ボクは、ランゲイル隊長から習った迷宮攻略のイロハを後輩たちに伝授しながら足を踏み入れた。
「シンプル過ぎて――」
「センパイ、何の気配も感じません――」
「欠伸が止まらなーい」
50mほど続く一直線の通路、行き止まりにある鉄製の大きな扉――途中、1つだけ部屋があったけど、魔物も宝箱もなし。時間が惜しいのでそれはそれでありがたい反面、肩透かし感が半端ない。
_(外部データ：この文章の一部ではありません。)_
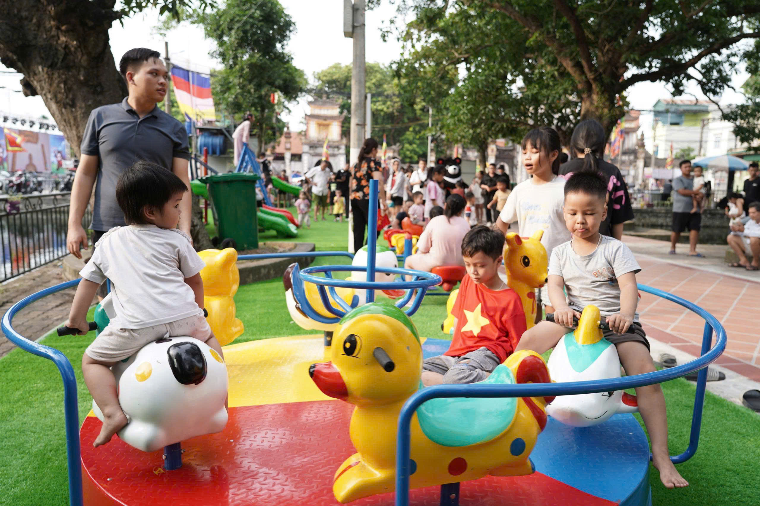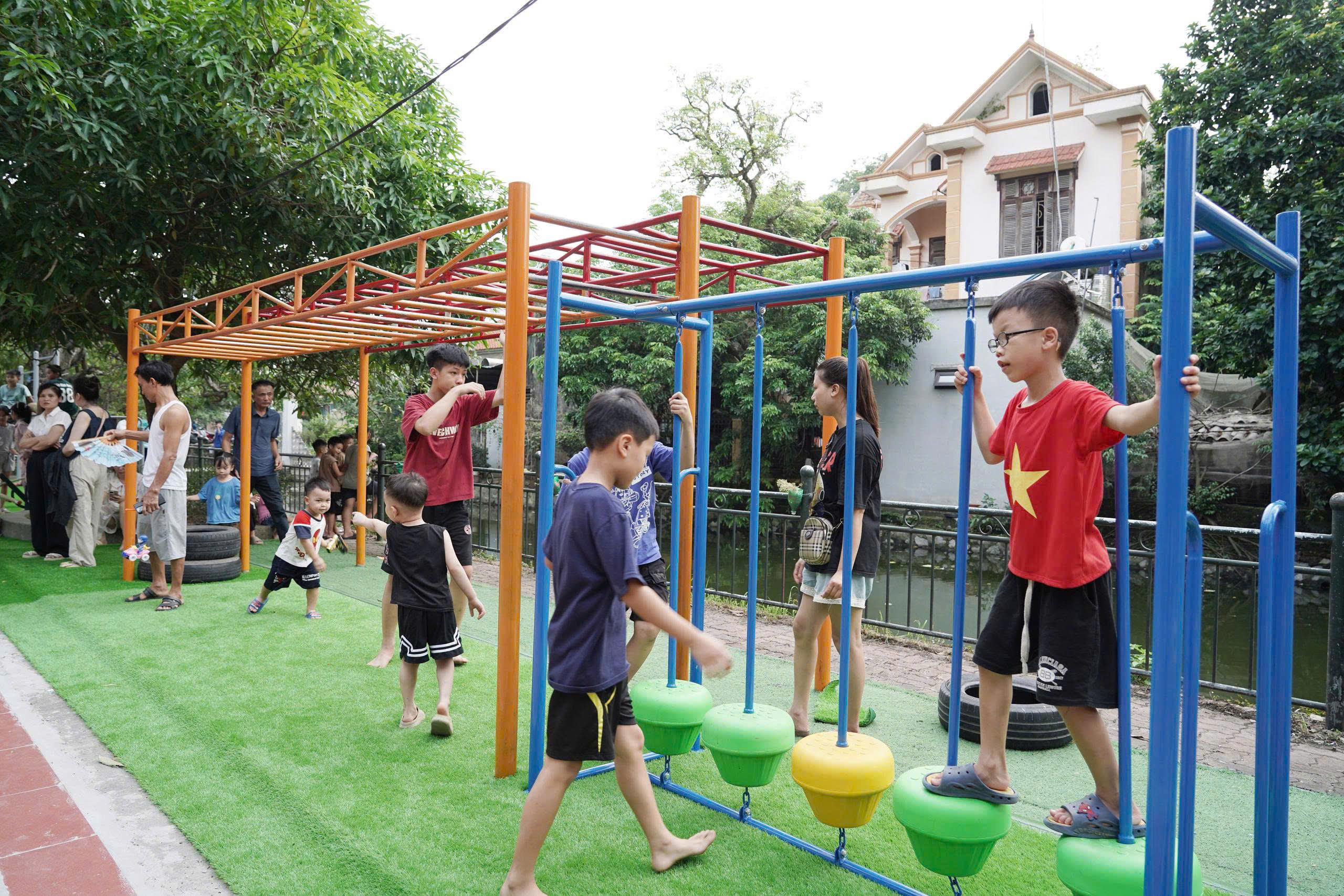 Các em thiếu nhi thích thú trải nghiệm các trò chơi và dụng cụ thể thao tại sân chơi trẻ em

みんなの不平不満が出るのも仕方がない。
ボクたちは扉を開けて先に進むことにした。
「ん? んんっ!? 扉が固くて開かないよ! 」
精一杯引っ張るが、両開きの扉は無反応。筋力不足?
「センパイ――今は遊んでる場合ではないかと」
メルちゃんが軽くボクにツッコミながら、両開きの扉を軽く押す。すると、扉がすんなり開いた。
「センパイ!! きゃははっ!! 」
アユナちゃんが、おへそでお茶を沸かす勢いで笑い転げる。
「アユナちゃん、笑わないであげて! センパイはみんなの緊張を解くために――ププッ! 」
真顔でアユナちゃんを窘めていたレンちゃんも、笑いを堪えきれずに噴き出す。こうなると、もう“センパイ”というのも嫌味にしか聞こえない――。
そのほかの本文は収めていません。